Data below Block Start

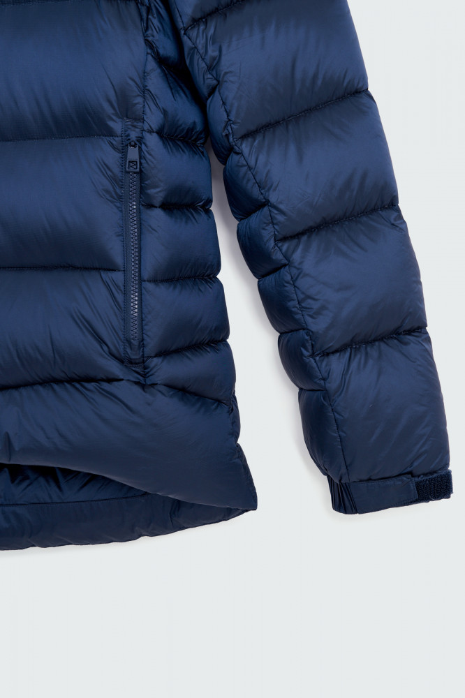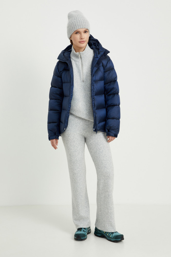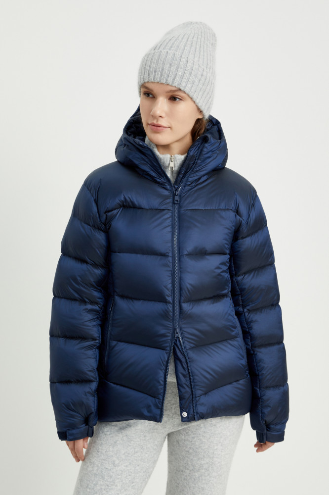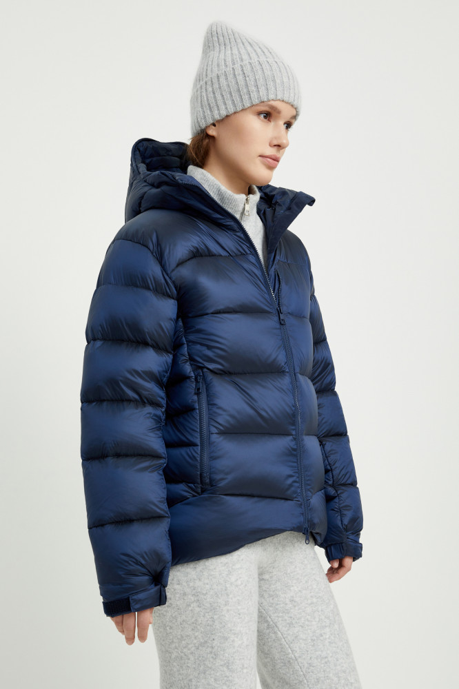 Самая теплая модель пуховика в нашей коллекции: защита от холода при температуре до −40°C благодаря качественному утеплителю из утиного пуха с Fill Power 800 и дополнительному слою пух-пакета со стороны подкладки. Материал верха — легкая и прочная ткань с армирующими нитями, которые препятствуют разрывам. Благодаря водоотталкивающим и ветрозащитным пропиткам куртка хорошо защищает от влаги и холодного ветра. Глубокий капюшон с козырьком в сочетании с высоким воротником-стойкой создают эффект теплого шлема. Металлическая струна по краю козырька позволяет изменять его форму для более эффективной защиты от ветра. Практичное и изящное решение для регулировки объема капюшона — скрытые фиксаторы, которыми удобно пользоваться даже в перчатках, и при этом концы шнурков не мешают с лицевой части. Продуманные детали для защиты от мороза и ветра: удлиненная спинка, планка вдоль молнии, регулируемые манжеты и низ пуховика, мягкие карманы и внутренняя часть ветрозащитной планки. Такой пуховик отлично подходит не только для самых морозных дней в городе, но и для зимних путешествий.
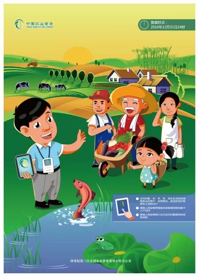 根据《全国农业普查条例》的规定,农村住户、农业生产经营户、农业生产经营单位、村民委员会和乡镇人民政府是第三次全国农业普查对象。此次农业普查的标准时点是2016年12月31日,普查时期为2016年1月1日—12月31日。从2017年1月1日起,普查人员将佩戴统一的普查员证,使用手持电子采集设备(PDA),对所有普查对象进行入户登记。请您提前整理好户籍簿、土地确权证、土地承包证、林权证、统一社会信用代码证、土地流转合同等相关证件,认真回忆2016年全家(单位)生产生活情况,了解家庭外出人员情况,做好普查登记准备。
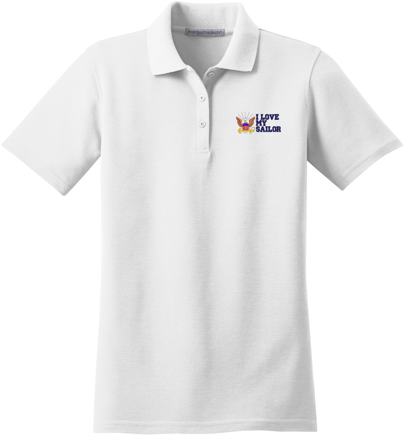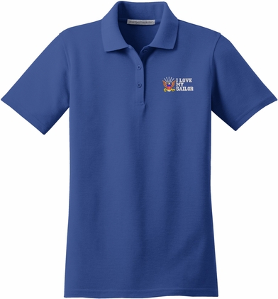 MilitaryBest is proud to offer this I Love My Sailor U.S. Navy Women's Stain-Release Polo. This polo is embroidered by our MilitaryBest team in Northeast Alabama. These polos are made with a stain-release finish for long-lasting wear, odor-fighting properties, and superior wrinkle and shrink resistance.Care Instructions: Machine Wash Cold With Like Colors. Do Not Use Fabric Softener. Do Not Bleach. Tumble Dry Low. Warm Iron If Necessary.
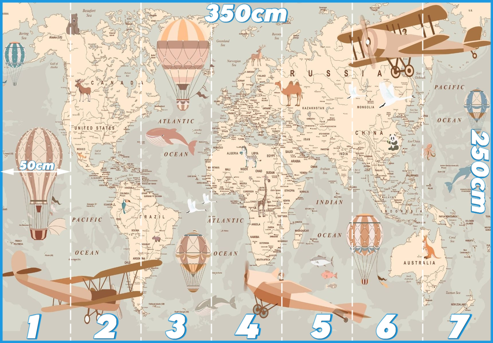 Части: номерирани вертикални ленти, широки 50cm, лепят се една до друга, без припокриване

Data below Block End

* Problem
Set the listing down verbatim, excluding pictures.

* Answer space
 Самая теплая модель пуховика в нашей коллекции: защита от холода при температуре до −40°C благодаря качественному утеплителю из утиного пуха с Fill Power 800 и дополнительному слою пух-пакета со стороны подкладки. Материал верха — легкая и прочная ткань с армирующими нитями, которые препятствуют разрывам. Благодаря водоотталкивающим и ветрозащитным пропиткам куртка хорошо защищает от влаги и холодного ветра. Глубокий капюшон с козырьком в сочетании с высоким воротником-стойкой создают эффект теплого шлема. Металлическая струна по краю козырька позволяет изменять его форму для более эффективной защиты от ветра. Практичное и изящное решение для регулировки объема капюшона — скрытые фиксаторы, которыми удобно пользоваться даже в перчатках, и при этом концы шнурков не мешают с лицевой части. Продуманные детали для защиты от мороза и ветра: удлиненная спинка, планка вдоль молнии, регулируемые манжеты и низ пуховика, мягкие карманы и внутренняя часть ветрозащитной планки. Такой пуховик отлично подходит не только для самых морозных дней в городе, но и для зимних путешествий.
 根据《全国农业普查条例》的规定,农村住户、农业生产经营户、农业生产经营单位、村民委员会和乡镇人民政府是第三次全国农业普查对象。此次农业普查的标准时点是2016年12月31日,普查时期为2016年1月1日—12月31日。从2017年1月1日起,普查人员将佩戴统一的普查员证,使用手持电子采集设备(PDA),对所有普查对象进行入户登记。请您提前整理好户籍簿、土地确权证、土地承包证、林权证、统一社会信用代码证、土地流转合同等相关证件,认真回忆2016年全家(单位)生产生活情况,了解家庭外出人员情况,做好普查登记准备。
 MilitaryBest is proud to offer this I Love My Sailor U.S. Navy Women's Stain-Release Polo. This polo is embroidered by our MilitaryBest team in Northeast Alabama. These polos are made with a stain-release finish for long-lasting wear, odor-fighting properties, and superior wrinkle and shrink resistance.Care Instructions: Machine Wash Cold With Like Colors. Do Not Use Fabric Softener. Do Not Bleach. Tumble Dry Low. Warm Iron If Necessary.
 Части: номерирани вертикални ленти, широки 50cm, лепят се една до друга, без припокриване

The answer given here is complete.